= Josef Schiller =

Josef Schiller (16 June 1877, in Ringelsheim (Bohemia) – 1960) was an Austrian phycologist and hydrobiologist.

He studied natural sciences at the University of Vienna, earning his doctorate in 1905. Afterwards he was an assistant at the zoological station in Trieste (1905-1910), where he developed an expertise involving benthic algae and phytoplankton. From 1918 he worked as a lecturer of botanical hydrobiology at the University of Vienna, and in 1927 he became an associate professor on the aforementioned subject.

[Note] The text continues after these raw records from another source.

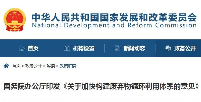 國務(wù)院辦公廳印發(fā)《關(guān)于加快構(gòu)建廢棄物循環(huán)利用體系的意見》(附政策解讀)
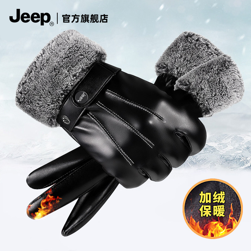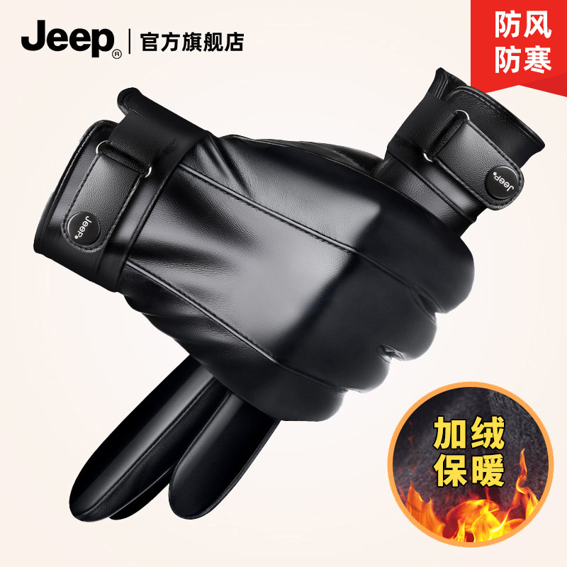 jeep吉普皮手套男士冬季保暖加绒加厚防风防寒骑行摩托车触屏手套
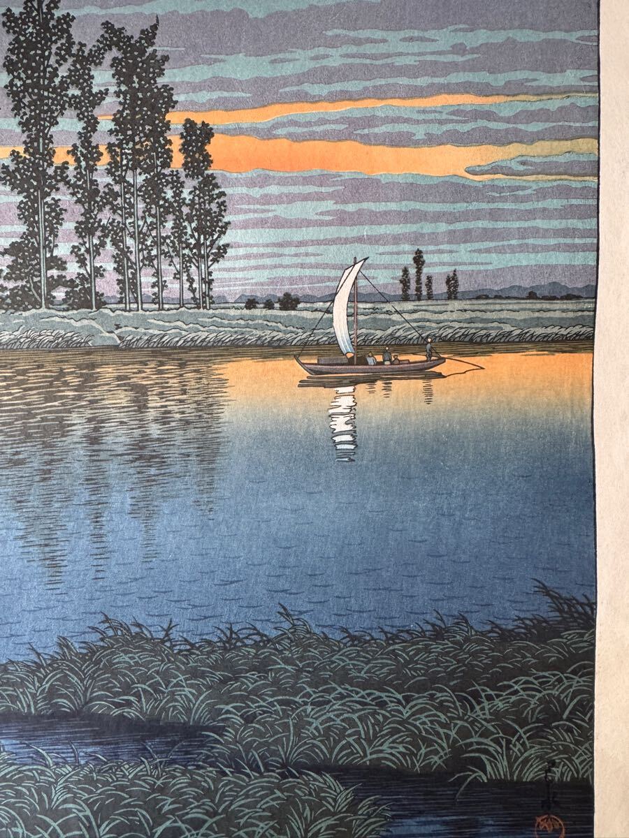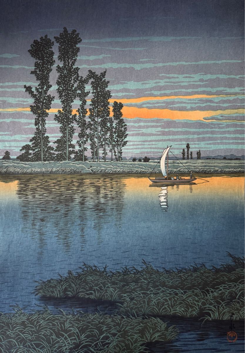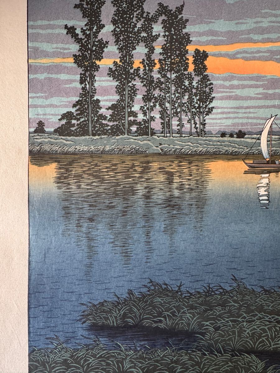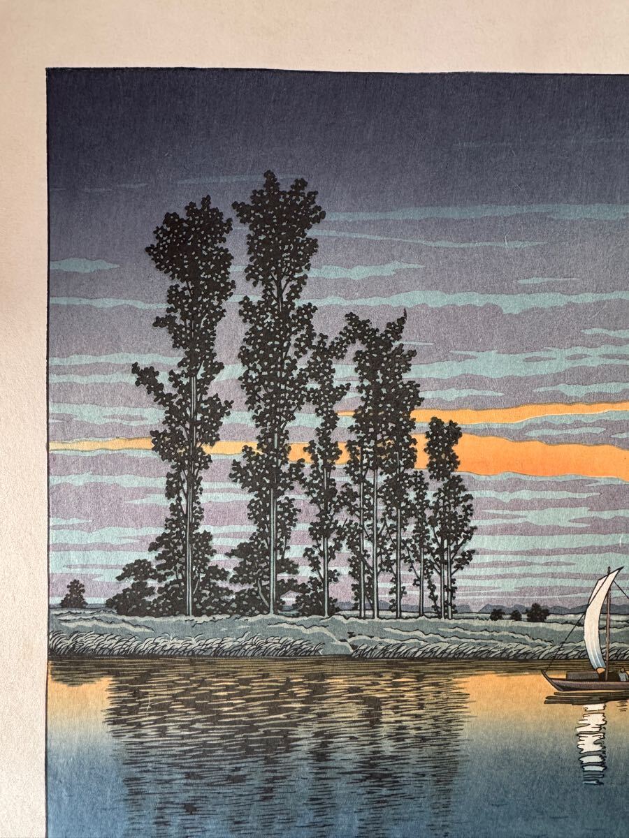 C【真作保証】川瀬巴水 牛堀の夕暮 昭和五年年作 手摺り木版画 後摺 新版画 Kawase Hasui woodblock print Shinhanga 1

He was a visiting scientist at marine stations in Helgoland, Ragusa, Spolato and Rovigno d'Istria, giving classes in botanical hydrobiology. Later in his career, he conducted research in the field of apiology, being known for his studies on the physiological differences between summer and winter bees. From 1938 to 1947, he was in charge of the investigative body for infectious bee diseases at Vienna's University of Veterinary Medicine.

The genera Schilleriella, Schillerochloris and Schilleriomonas are named after him, as is the algae species Entodictyon schilleri, named in Schiller's honor by Victor Félix Schiffner (1862-1944).

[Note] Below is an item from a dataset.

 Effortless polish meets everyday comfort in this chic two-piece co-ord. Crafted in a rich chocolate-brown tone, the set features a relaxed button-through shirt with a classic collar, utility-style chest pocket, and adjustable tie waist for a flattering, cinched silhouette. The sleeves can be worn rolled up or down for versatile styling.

== Selected published works ==
- "Vorläufige Ergebnisse der Phytoplankton-Untersuchungen auf den Fahrten S. M. S. "Najade" in der Adria 1911/12. I. Die Coccolithophoriden", (1913) - Preliminary results of phytoplankton studies undertaken on voyages of the SMS "Naiad" in the Adriatic in 1911/12, The coccolithophores.
- "Österreichische Adriaforschung: Bericht Über Die Allgemeinen Biologischen Verhältnisse Der Flora Des Adriatischen Meeres", 1914 - Austrian Adriatic research: Report on the general biological conditions of flora from the Adriatic Sea.
- "Die planktonischen Vegetationen des adriatischen Meeres", 1926 - Planktonic vegetation of the Adriatic Sea.
- "Dinoflagellatae": Dr. L. Rabenhorst's Kryptogamen-Flora von Deutschland, Österreich und der Schweiz, Volume 2, (1933).
- "Flagellatae: Dinoflagellatae in monographischer Behandlung, Parts 2-3", (1937) - Flagellatae: A monographic treatment of Dinoflagellatae.
- "Untersuchungen an den planktischen Protophyten des Neusiedler Sees 1950-1954" -Investigations of planktonic Protophyta of Lake Neusiedl from 1950 to 1954.

Schiller issued the exsiccata Algae Adriaticae exsiccatae and superseding series, in parts with Hermann Josef Cammerloher and Gustav Seefeldner.